Other participants noted the pivotal point for the research community in a post-Brexit environment, as well as the “tension” between commercial organisations that want to exploit NHS and other kinds of health data, and individuals who want to keep data about them secret. Participants surmised that the UK Government’s focus, especially following Brexit and the COVID-19 pandemic, will be primarily on promoting innovation and entrepreneurship in the UK. This will create challenges regarding compliance with extant data protection law and human rights law. Participants were not optimistic about these legal regimes being adequately protected going forward, and that presenting innovation and research protections as antagonising forces (as has been seen in UK Government pronouncements recently) is not a wise approach. For these participants, there was concern there would be a “drift” away from the protection of individuals' and communities' interests towards commercial (and other) organisations’ easy ability to exploit personal data and in consequence, exacerbate mistrust among ethnic minority communities.

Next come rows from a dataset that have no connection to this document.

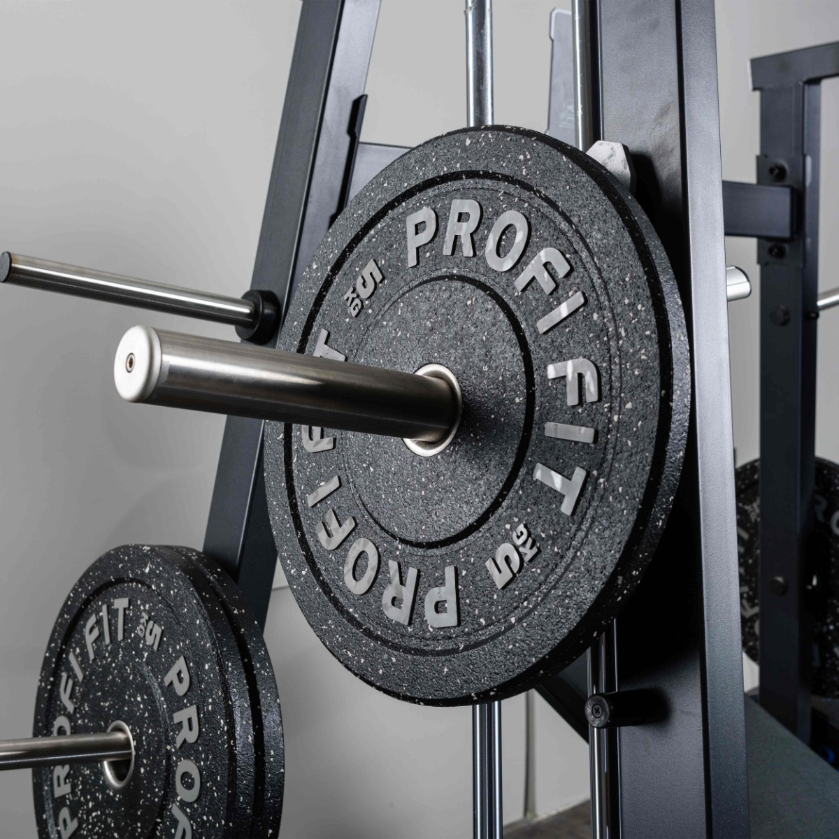 Накопители для хранения и работы со свободными весами оборудованы кольцами из плотной резины для предотвращения соприкосновения дисков с рамой тренажера.
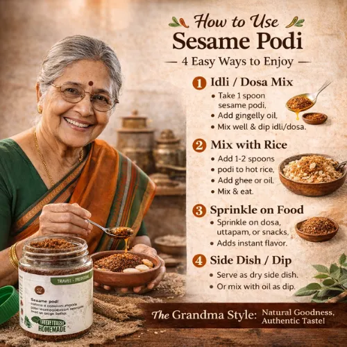 HOW TO USE:Best served with Idly, Dosa & Uthappam by mixing cold pressed gingelly oil or cow ghee to the powder. Store in a Cool, Dry Place.
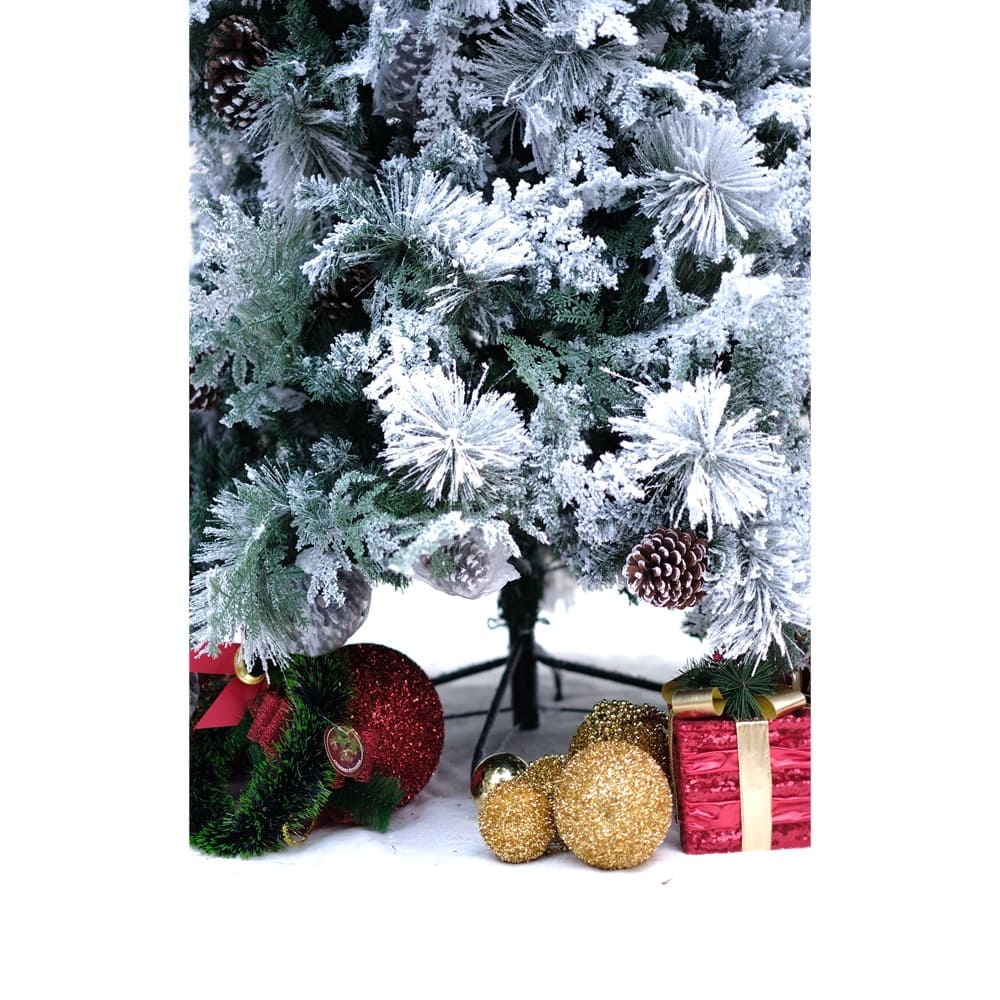 The charming natural pinecones nestled among the frosted branches add a touch of earthy warmth and complete its picturesque winter forest appeal. True Star is a beatifully voluminous tree that is made from premium Polythylene (PE) material. It is furnished with a sturdy metal stand for easy installtion and assembly. Simply place the stand provided on the floor and then place one component into the other by means of the central rod. The tree features hinged branches for incredibly easy assembly as well as for folding for storage.
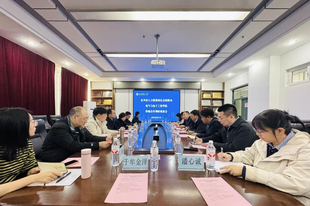为深化校地校企协同合作,推动产学研深度融合,助力人才培养与地方产业发展同频共振,3月23日,电气与电子工程学院在西区教学主楼G1014会议室与宜兴市人力资源和社会保障局开展校地合作调研座谈会。宜兴市人民政府副市长黄烨旻,宜兴市政协副主席、市人力资源和社会保障局局长范燕慧带队,宜兴市人社局、相关镇街道及市委组织部人才工作科相关负责人一行参会。学院党委书记刘骥,副院长高俊国、冯宇,电缆研究所党支部书记郭宁以及学院相关辅导员出席座谈会,座谈会由党委副书记李国辉主持。
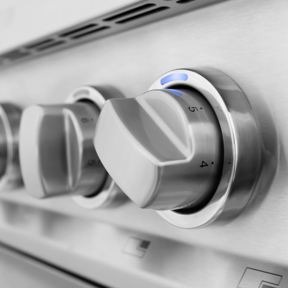 - LED Knob Indicators - Front control knobs will illuminate when the cooktop or oven is in use, providing additional safety and convenience
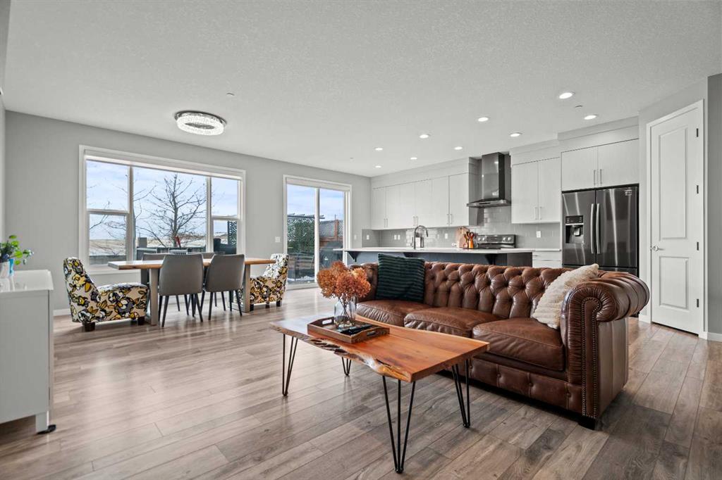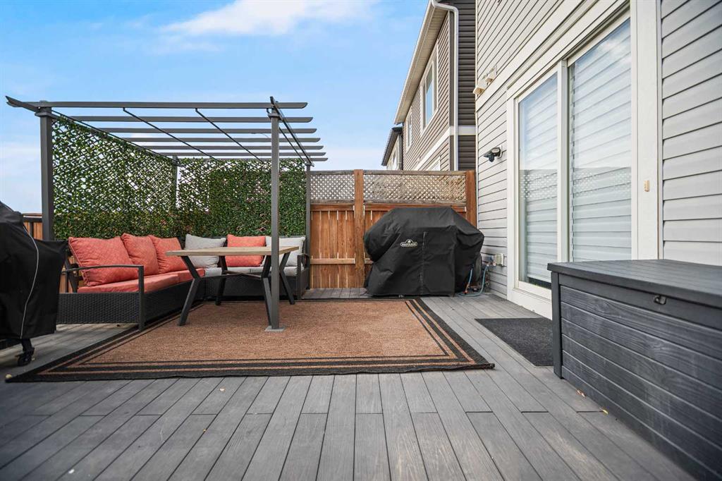 Welcome to this beautifully maintained and fully developed home in the highly sought-after community of Livingston. Offering 3 bedrooms, 3.5 bathrooms, a double attached garage, a private backyard with mature trees, and over 2,600 sq. ft. of thoughtfully designed living space, this home combines comfort, functionality, and style. Recent upgrades include brand-new siding and shingles, fresh interior paint, upgraded lighting, central air conditioning, and a finished garage. From the moment you arrive, the charming curb appeal sets the stage. Inside, a bright and spacious foyer opens to a sun-filled main floor featuring an open-concept layout with gleaming flooring, a generous dining area, and an expansive living room centered around a stylish, cozy fireplace—ideal for everyday living and entertaining. The chef-inspired kitchen is a true highlight, complete with premium stainless steel appliances, quartz countertops, a large center island perfect for gatherings, ample cabinetry, tiled backsplash, and a convenient corner pantry. Sliding patio doors lead to the sunny, fully fenced backyard with mature trees, offering privacy, a large deck, and plenty of space for relaxing, barbecuing, or children and pets to play. A functional mudroom with garage access and a 2-piece powder room complete the main level. Upstairs, the spacious bonus/family room provides versatile living space for movie nights, a play area, or a home office. This level also includes a full 4-piece bathroom and a convenient laundry room. The primary suite offers a peaceful retreat with a walk-in closet and a spa-inspired 4-piece ensuite featuring modern finishes. The fully developed basement adds even more living space with a large recreation room, a 3-piece bathroom, ample storage, and flexibility for future use such as a home gym, hobby room, or guest area. Outside, the finished double attached garage and driveway provide ample parking. The landscaped backyard offers both privacy and beauty, making it ideal for outdoor enjoyment. Located in the vibrant community of Livingston, residents enjoy access to the Community Hub, splash park, playgrounds, parks, green spaces, and extensive walking and bike paths, along with quick access to major roadways, shopping, restaurants, and public transportation. This move-in-ready home offers an exceptional combination of upgrades, space, and location—an opportunity not to be missed.

Finally, participants also expressed hope that coming out of the pandemic, funders, and sponsors, not to mention the government, would provide more space to ethnic minority researchers (in terms of funding calls, media, and so on) and allow their voices to be amplified. In turn, the hope is that by continuing to shine a light on existing health disparities, more research can be conducted that leads to knowledge and innovation that can potentially deliver better services and do something about those health disparities on the ground. Here, participants emphasised the power of data, as Participant 4 put it:

….what we are seeing with COVID-19 is that the publications of the research, the publication of the data, is validating what people already knew, so if you already know something and you just know it as knowledge because you know that as a Black woman you would not have as much clout behind whatever you say – and I speak from my position – whereas a Black man that when you're walking along the street people will tend to cross the road if it’s rather dark because they would assume that you may be aggressive or violent, you'd know that because that’s your lived experience, but when it has been validated by figures then it makes it more powerful. Data makes the story come to life.

Discussion

Our analysis demonstrates that among our interview participants, there is broad support for Big Data research in the field of health and public health, and recognition of the benefits it can offer. Our analysis also shows, however, that this support is contingent on at least three core clusters being addressed squarely by researchers and, more broadly, stakeholders that help support research (e.g. funders, sponsors, journals, ethics committees, data access committees).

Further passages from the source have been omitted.